> [What this task involves]: Repeat exactly the lines that run from the start of the records below to the line with "核心逻辑:ECX 控制次数,DI 指向目标内存,累加器提供填充值,重复执行存储操作;", including both of those lines but not the pictures.

(Stored entries)

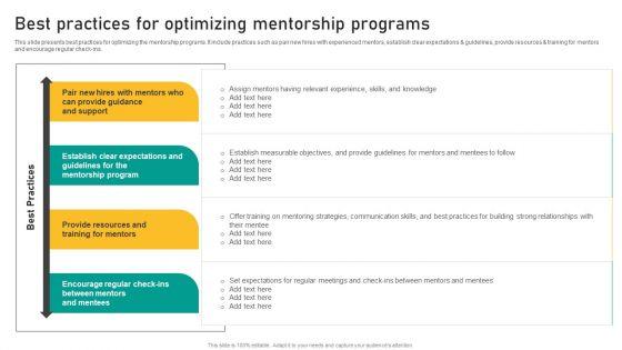 This slide presents best practices for optimizing the mentorship programs. It include practices such as pair new hires with experienced mentors, establish clear expectations and guidelines, provide resources and training for mentors and encourage regular check-ins. If you are looking for a format to display your unique thoughts, then the professionally designed Talent Retention Initiatives For New Hire Onboarding Best Practices For Optimizing Mentorship Topics PDF is the one for you. You can use it as a Google Slides template or a PowerPoint template. Incorporate impressive visuals, symbols, images, and other charts. Modify or reorganize the text boxes as you desire. Experiment with shade schemes and font pairings. Alter, share or cooperate with other people on your work. Download Talent Retention Initiatives For New Hire Onboarding Best Practices For Optimizing Mentorship Topics PDF and find out how to give a successful presentation. Present a perfect display to your team and make your presentation unforgettable.
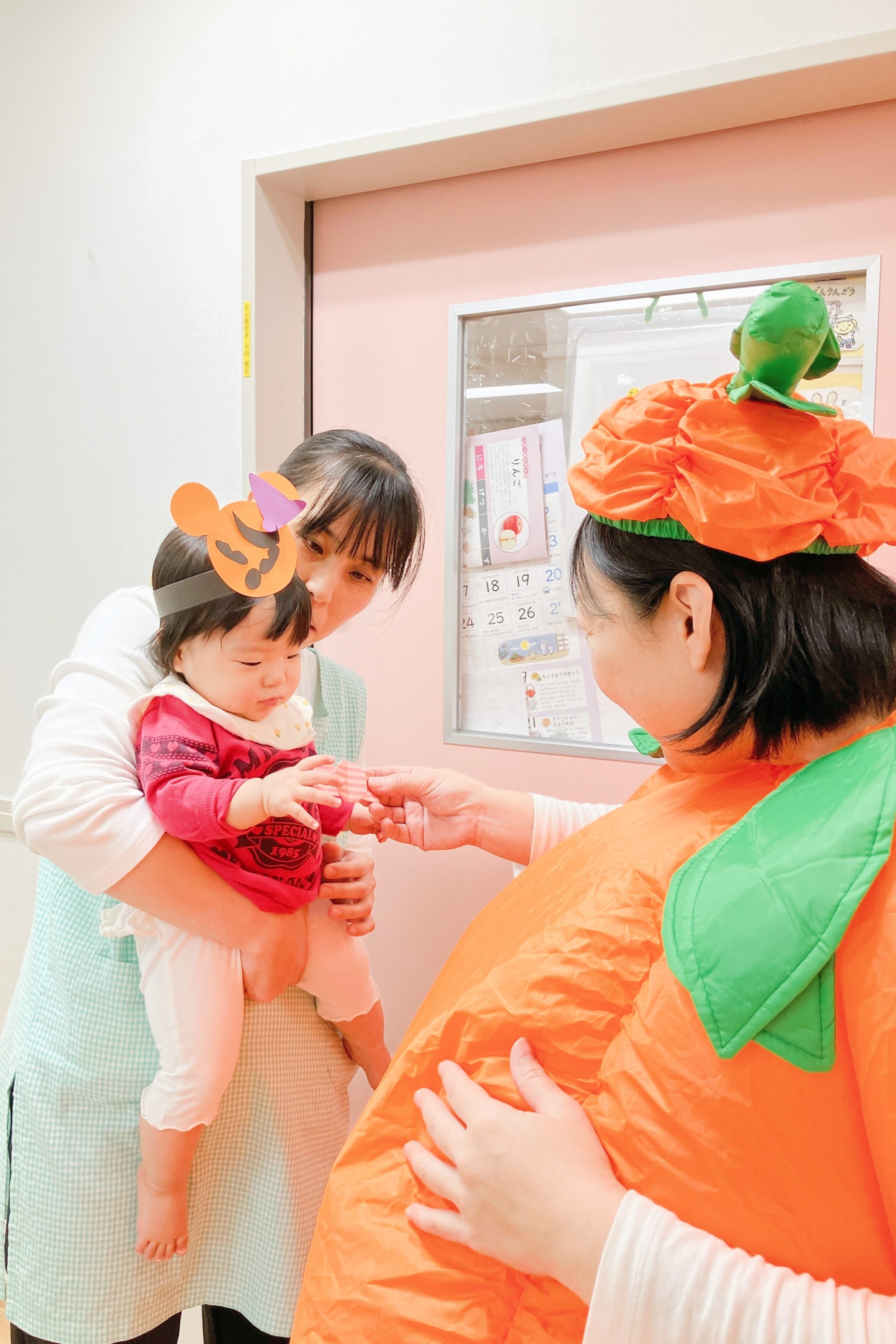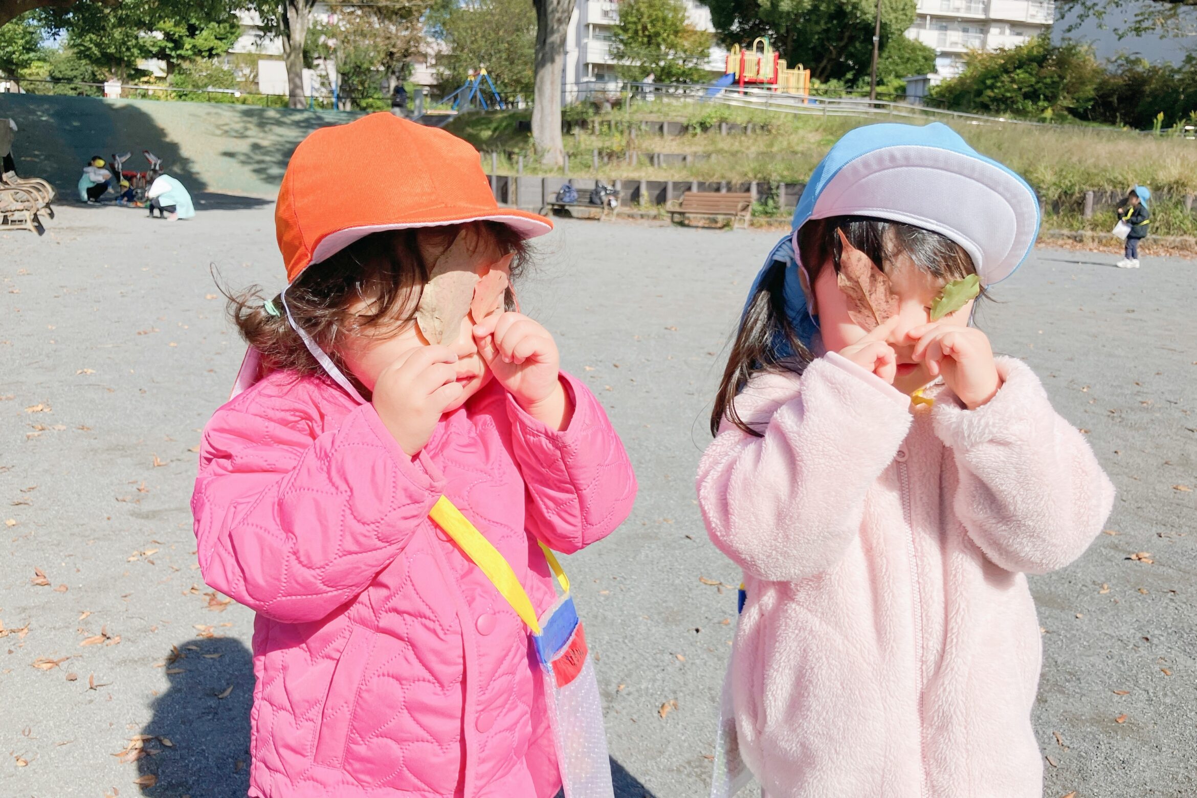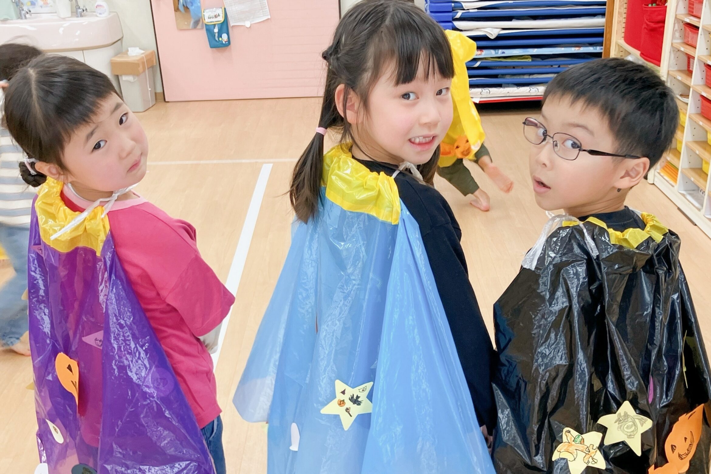 2025.12.15 前田町保育園 秋探しとハロウィン 秋を探しにLet’s Go!かわいい笑顔でTrick or Treat! 枯れ葉を見つけて、いないいないばあっ!とっても可愛い秋を見つけました! 手作りマントで仮装!Happy Halloween! かぼちゃに仮装した園長先生から、キャンディーをもらいました!
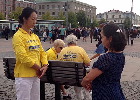 瑞典游客支持法轮功 谴中共迫害
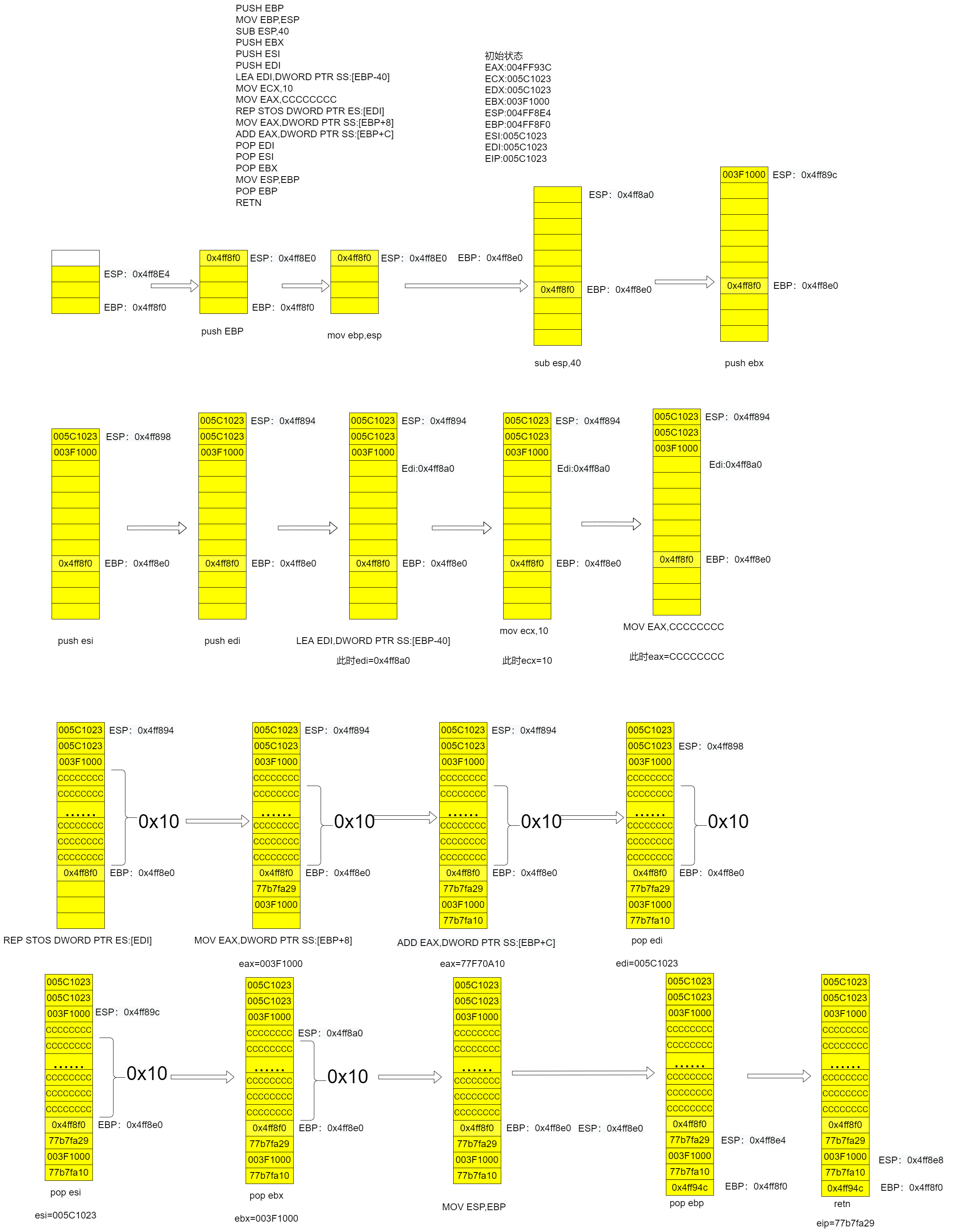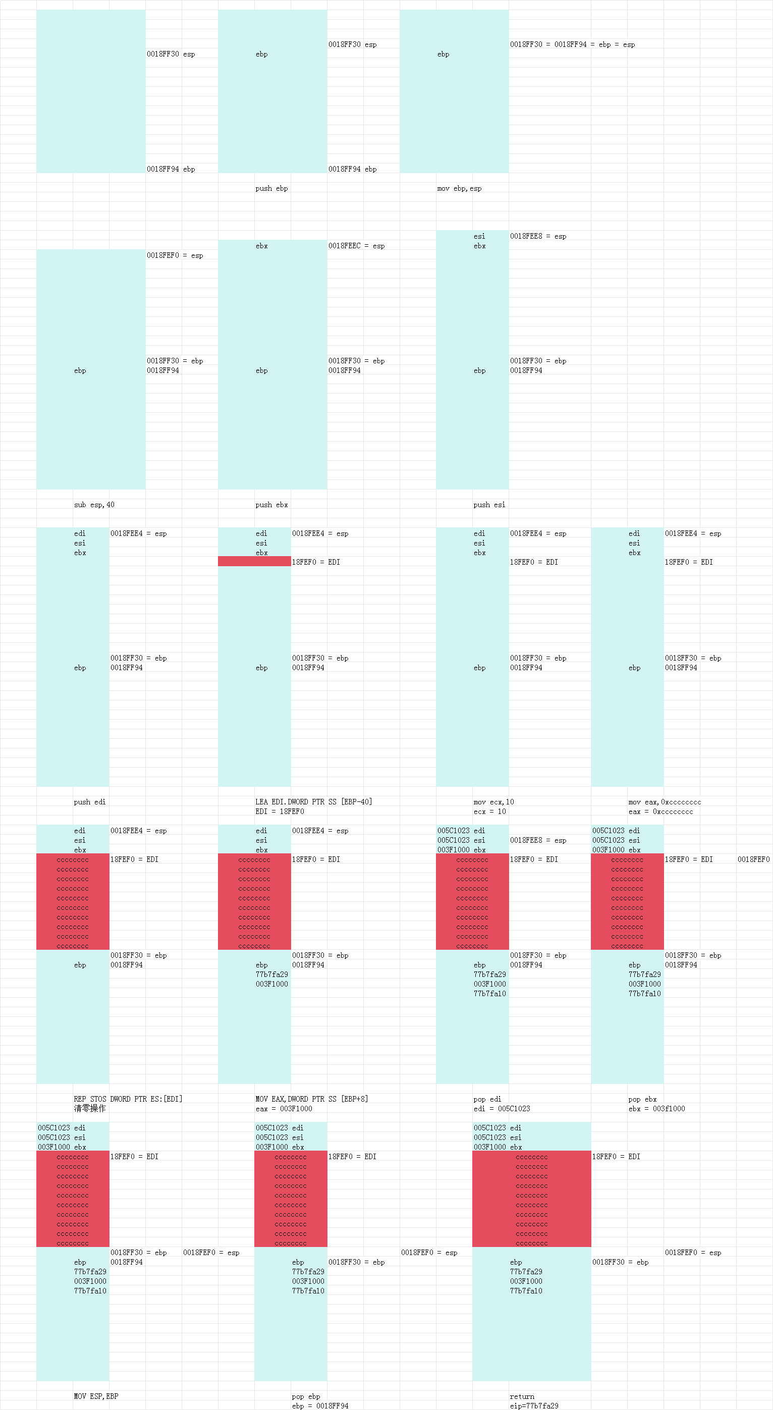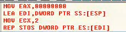 核心逻辑:ECX 控制次数,DI 指向目标内存,累加器提供填充值,重复执行存储操作;
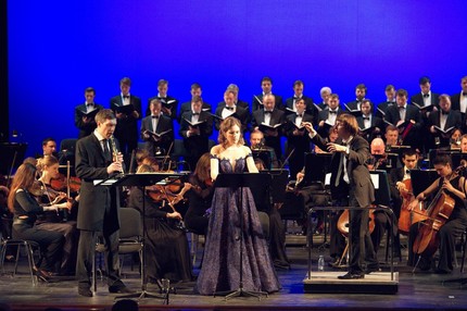 Бетховен (первое отделение программы) был представлен двумя произведениями – Концертной арией «Ah! Perfido» («Ах! Коварный») для сопрано с оркестром (1796, op. 65) и Фантазией для фортепиано, хора и оркестра (1808, op. 80) с немецким текстом хорового финала Кристофа Куфнера. Мейербер (второе отделение) околдовал наивной, но поистине волшебной, виртуозно-техничной изобретательностью музыкального письма в Драматической кантате «Gli Amori di Teolinda» («Любовь Теолинды») для сопрано, кларнета, мужского хора и оркестра (1816) на слова Гаэтано Росси. Представление Кантаты стало первым исполнением этого опуса в России и на фоне общей раритетности программы оказалось заведомо главной изюминкой вечера.
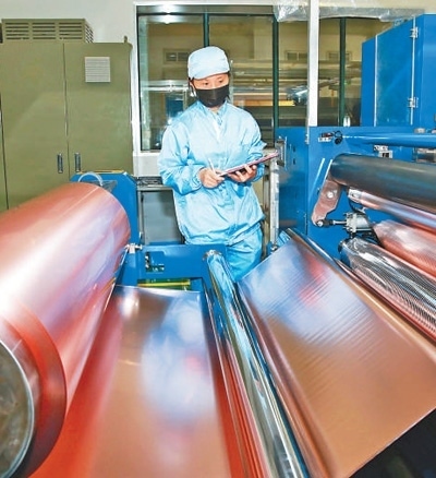 工人在銅陵有色銅冠銅箔有限公司車(chē)間內(nèi)工作。高凌君攝
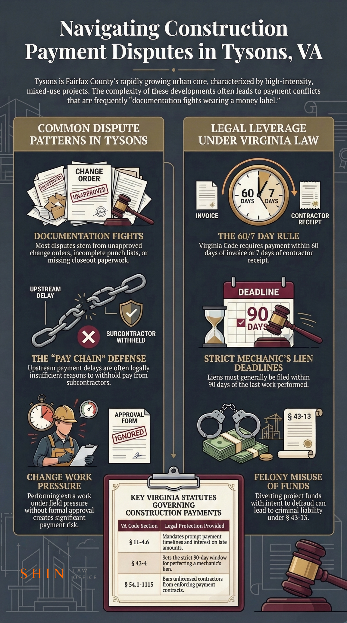 If your company is dealing with withheld payment, disputed change work, retainage issues, lien exposure, or a breakdown between contractor and subcontractor on a Tysons project, the smart move is to evaluate the claim before the deadlines and leverage disappear. Shin Law Office represents businesses in high stakes Virginia commercial disputes, including construction payment litigation in Fairfax County. Call 571 445 6565 or contact the firm through the online form to discuss the dispute.
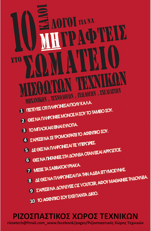 Τα μέλη της Ριζοσπαστικής Πρωτοβουλίας Μηχανικών συμμετέχουν και στηρίζουν το Ριζοσπαστικό Χώρο Τεχνικών. Προθεσμία εγγραφής μελών: Τρίτη 01/12. Επισυνάπτεται η αίτηση
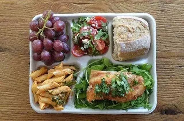 午餐要吃飽:葷一份,素兩份,主食一份,水果一份
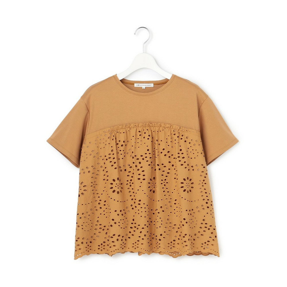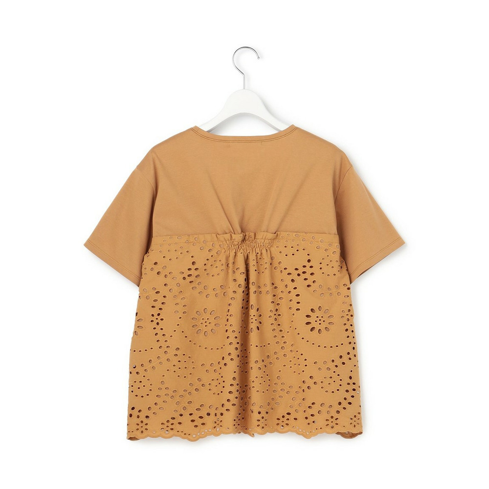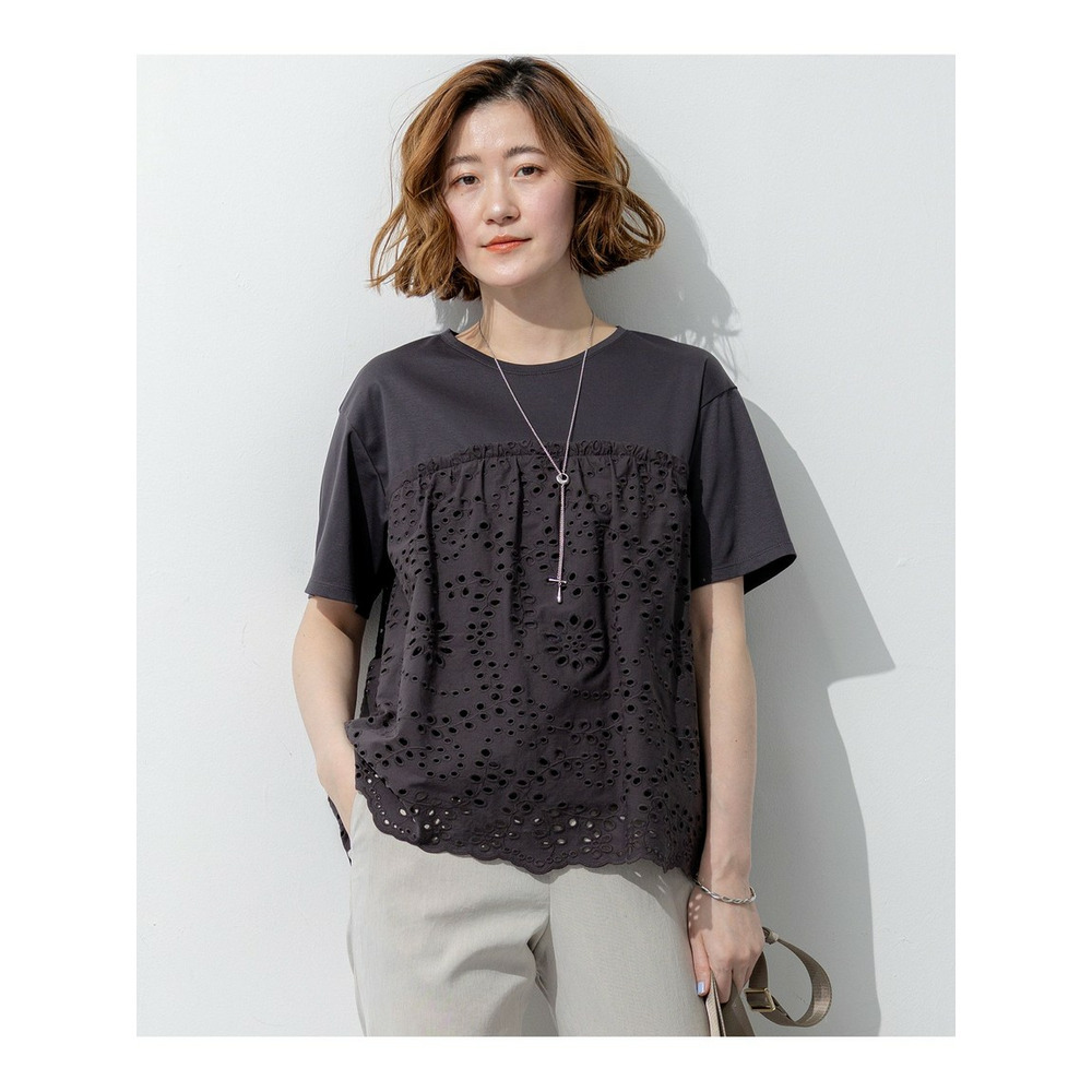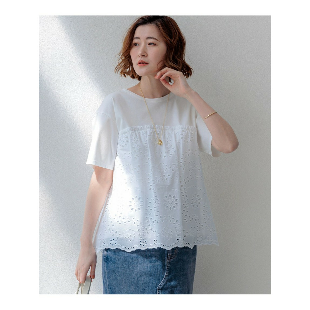 表面がクリアで滑らかなジャージー素材を使用しています。適度な肉感があるため体のラインを拾いにくく、安心してご着用いただけます。切り替え下のペプラム部分には、繊細な穴あき模様が特徴のカットワークレース生地を組み合わせました。リラックス感のあるカットソー素材と、きちんと感のあるシャツのような素材のコントラストが、上品で高見えするスタイルを演出します。

> [Expected answer]:
 This slide presents best practices for optimizing the mentorship programs. It include practices such as pair new hires with experienced mentors, establish clear expectations and guidelines, provide resources and training for mentors and encourage regular check-ins. If you are looking for a format to display your unique thoughts, then the professionally designed Talent Retention Initiatives For New Hire Onboarding Best Practices For Optimizing Mentorship Topics PDF is the one for you. You can use it as a Google Slides template or a PowerPoint template. Incorporate impressive visuals, symbols, images, and other charts. Modify or reorganize the text boxes as you desire. Experiment with shade schemes and font pairings. Alter, share or cooperate with other people on your work. Download Talent Retention Initiatives For New Hire Onboarding Best Practices For Optimizing Mentorship Topics PDF and find out how to give a successful presentation. Present a perfect display to your team and make your presentation unforgettable.
 2025.12.15 前田町保育園 秋探しとハロウィン 秋を探しにLet’s Go!かわいい笑顔でTrick or Treat! 枯れ葉を見つけて、いないいないばあっ!とっても可愛い秋を見つけました! 手作りマントで仮装!Happy Halloween! かぼちゃに仮装した園長先生から、キャンディーをもらいました!
 瑞典游客支持法轮功 谴中共迫害
 核心逻辑:ECX 控制次数,DI 指向目标内存,累加器提供填充值,重复执行存储操作;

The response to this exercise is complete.